Spark also offers a comprehensive suite of libraries for machine learning, graph processing, and Spark stream processing, which enable it to cater to a wide range of use cases, from ETL (extract, transform, load) tasks to advanced analytics and predictive modeling.

Spark is also compatible with other big data components found in the Hadoop ecosystem which allows integration into existing data processing pipelines.

Learning and becoming productive with Apache Spark requires an understanding of a few fundamental elements.  In this post, let’s explore the fundamentals or the building blocks of Apache Spark.  Let’s use descriptions and real-world examples in the exploration.

The intention is for you is to understand basic Spark concepts.  It assumes you are familiar with installing software and unzipping files.  Later posts will deeper dive into Apache Spark and example use cases.

As mentioned, the Spark API can be called via Spark Scala, Python (PySpark) or Java.  This post will use Scala, but can be easily translated to other languages and operating systems.

If you have any questions or comments, please leave a comment at the bottom of this post.

Table of Contents

What Is Apache Spark?

Apache Spark is an open-source, distributed computing framework designed for big data processing and analytics. As expected with a distributed compute framework, Apache Spark provides an interface for programming distributed workloads across clusters with implicit data parallelism and fault tolerance.

The distributed aspect is what can confused folks when first starting out.

Apache Spark consists of four primary components:

  • Core engine: The heart of the Spark system handles task scheduling, memory management, and fault recovery. For more see Spark Core tutorials.
  • Spark SQL: This component enables users to work with structured and semi-structured data using SQL queries. For more, see Spark SQL in Scala and PySpark SQL.
  • Spark Streaming: With this component, Spark can handle real-time data processing, enabling users to analyze and manipulate data streams. For more see, Spark Streaming in Scala examples and tutorials.
  • MLlib: A built-in machine learning library that allows developers to apply complex algorithms to data without the need for additional integrations.

Spark also comes with additional libraries such as GraphX, a graph processing library, and Cluster Manager, which is responsible for managing resources in a cluster.

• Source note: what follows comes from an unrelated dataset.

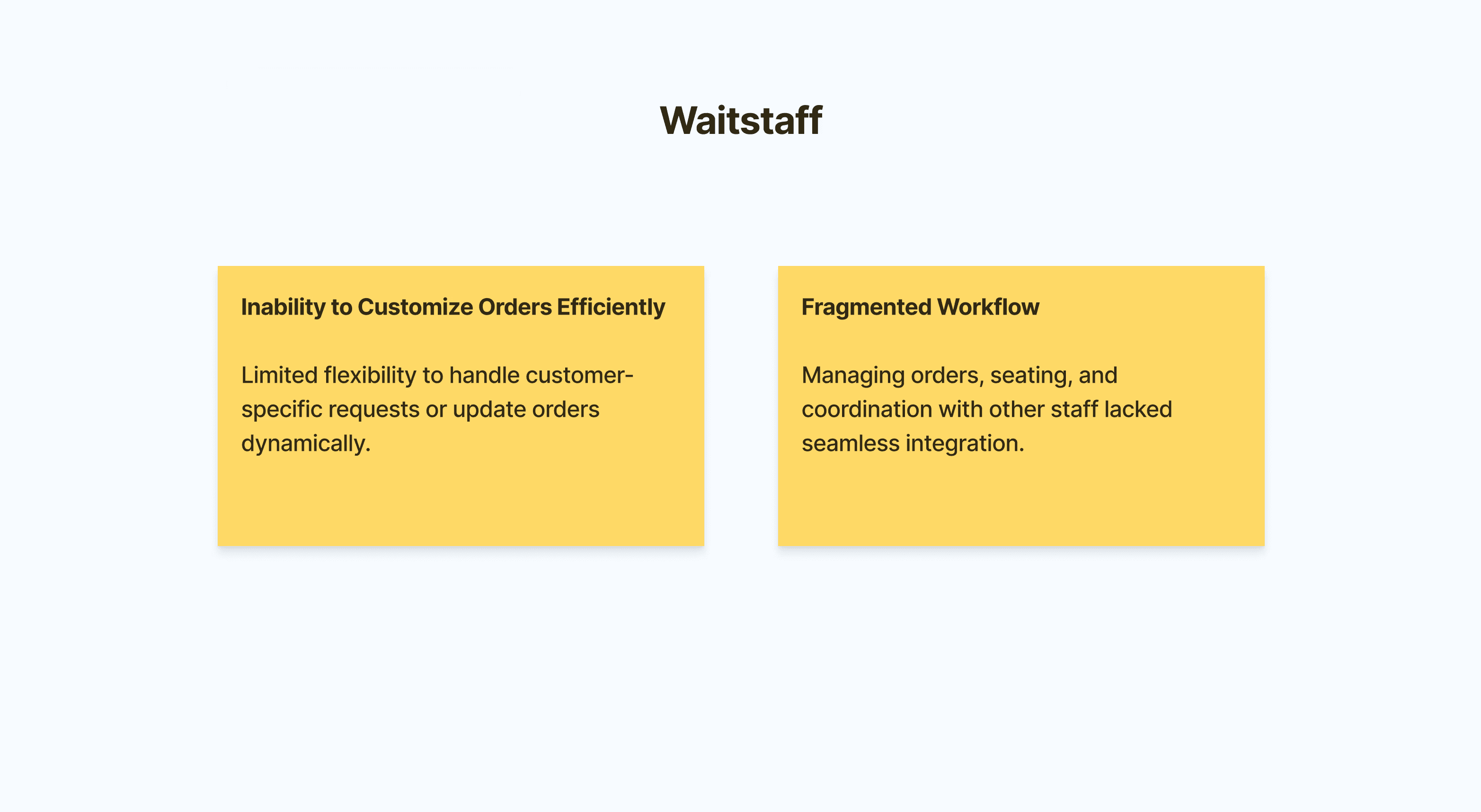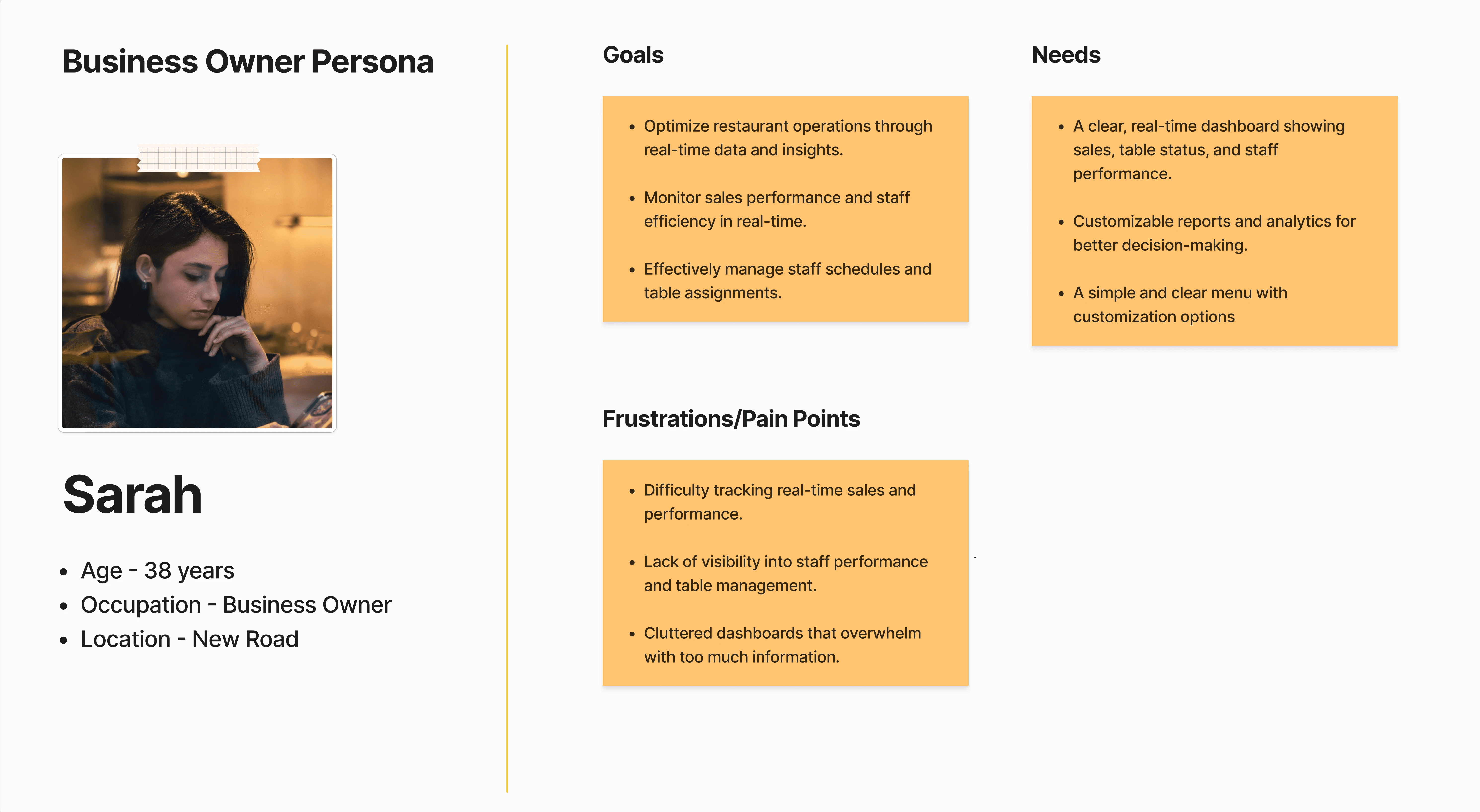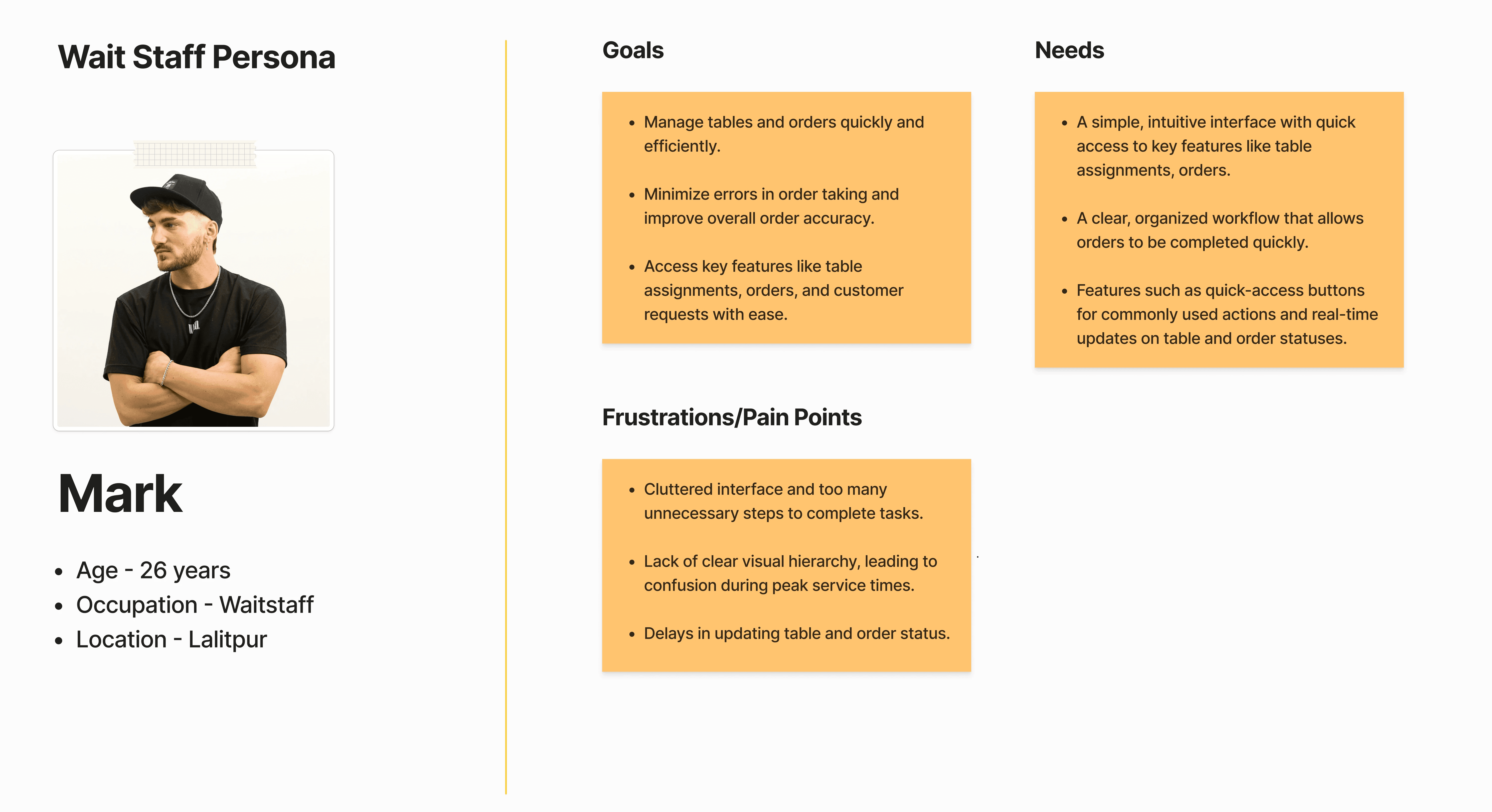 Based on the research, I created three primary personas: Owner/Manager, Waitstaff and Diner.

Key features of Apache Spark include:

  • Speed: By leveraging in-memory processing, Spark can perform up to 100 times faster than other big data processing frameworks like Hadoop’s MapReduce.
  • Ease of use: Spark supports popular programming languages like Python, Java, Scala, and R.
  • Flexibility: Integrates with various data sources, including Hadoop Distributed File System (HDFS), Amazon S3, and NoSQL databases like Cassandra and HBase.

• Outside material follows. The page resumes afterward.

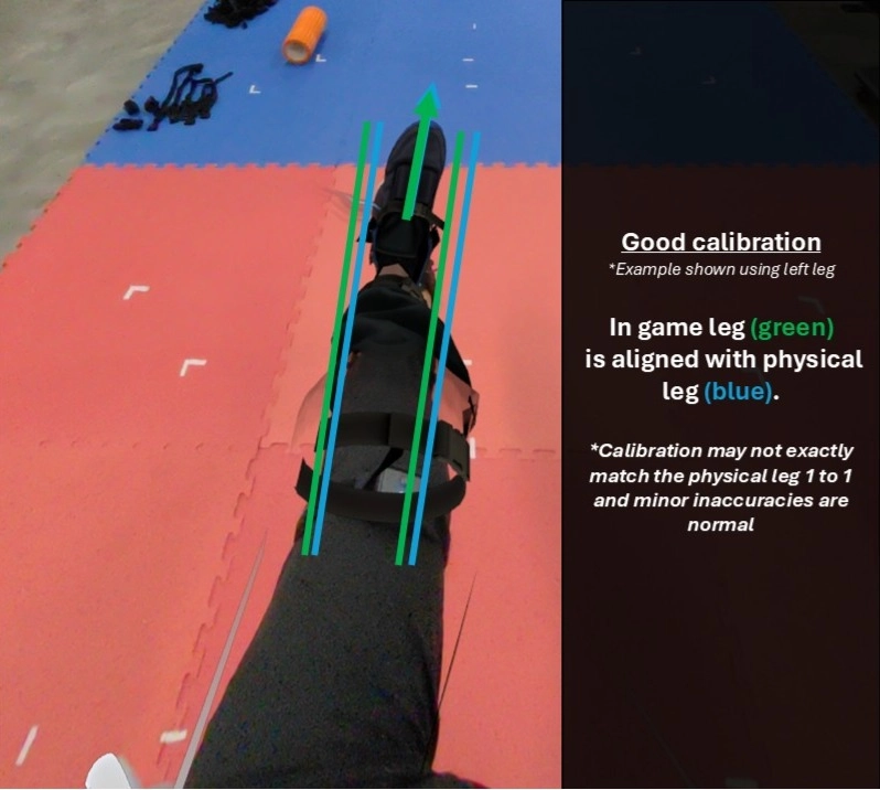 - After calibration, the avatar legs match your real legs in stance and facing direction.

Overall, Apache Spark is an efficient and powerful tool for large scale data processing and analytics and should be required learning for folks directly involved in building, managing, or planning for analytics applications.

Spark Components Overview

Spark applications execute as a set of independent processes on a cluster, coordinated by the SparkContext object in your primary program (called the driver program).

(Note: on newer versions of Spark (>= 2.0), you will also see use of SparkSession in lieu of SparkContext, see SparkContext vs SparkSession tutorial for more information.)

SparkContext can connect to a variety of cluster managers to operate on a cluster, including Spark’s own standalone cluster manager, Mesos, YARN, and Kubernetes. Cluster managers should be considered coordinators because they are responsible for allocation resources across applications.

Once connected, Spark acquires executors on cluster nodes called Workers, which are compute processes and may store data. Executors are segmented into units of work called Tasks.

Next, Spark dispatches your application code to the executors (defined by JAR or Python files passed to SparkContext).

Spark Cluster Architecture

At this point, a diagram will help.

What is Apache Spark Cluster Architecture Overview
Source: https://spark.apache.org/docs/latest/cluster-overview.html

Getting Started with Spark Overview

Let’s dive into code and working examples first.  Then, we’ll describe Spark concepts that tie back to the source code examples.

These examples are for illustrative purposes only at this point. The examples are in Scala, but it should be straightforward enough and easily translated to Python. Again, this is just to show key concepts.

Spark with Scala Code examples

The CSV file used in the examples has following structure:

Year,First Name,County,Sex,Count
2012,DOMINIC,CAYUGA,M,6
2012,ADDISON,ONONDAGA,F,14
2012,JULIA,ONONDAGA,F,15

Spark Context and Resilient Distributed Datasets

The way to interact with Spark is via a SparkContext (or as previously mentioned SparkSession in new versions of Spark).  The following example uses the Spark Console (AKA: spark-shell) which provides a SparkContext automatically.  Notice the last line in the following spark-shell REPL?

06:32:25 INFO SparkILoop: Created spark context..
Spark context available as sc.

That’s how we’re able to use sc from within the examples.

After obtaining a SparkContext, developers interact with Spark via Resilient Distributed Datasets or RDDs.  (Update: this changes from RDDs to DataFrames and DataSets in later versions of Spark.)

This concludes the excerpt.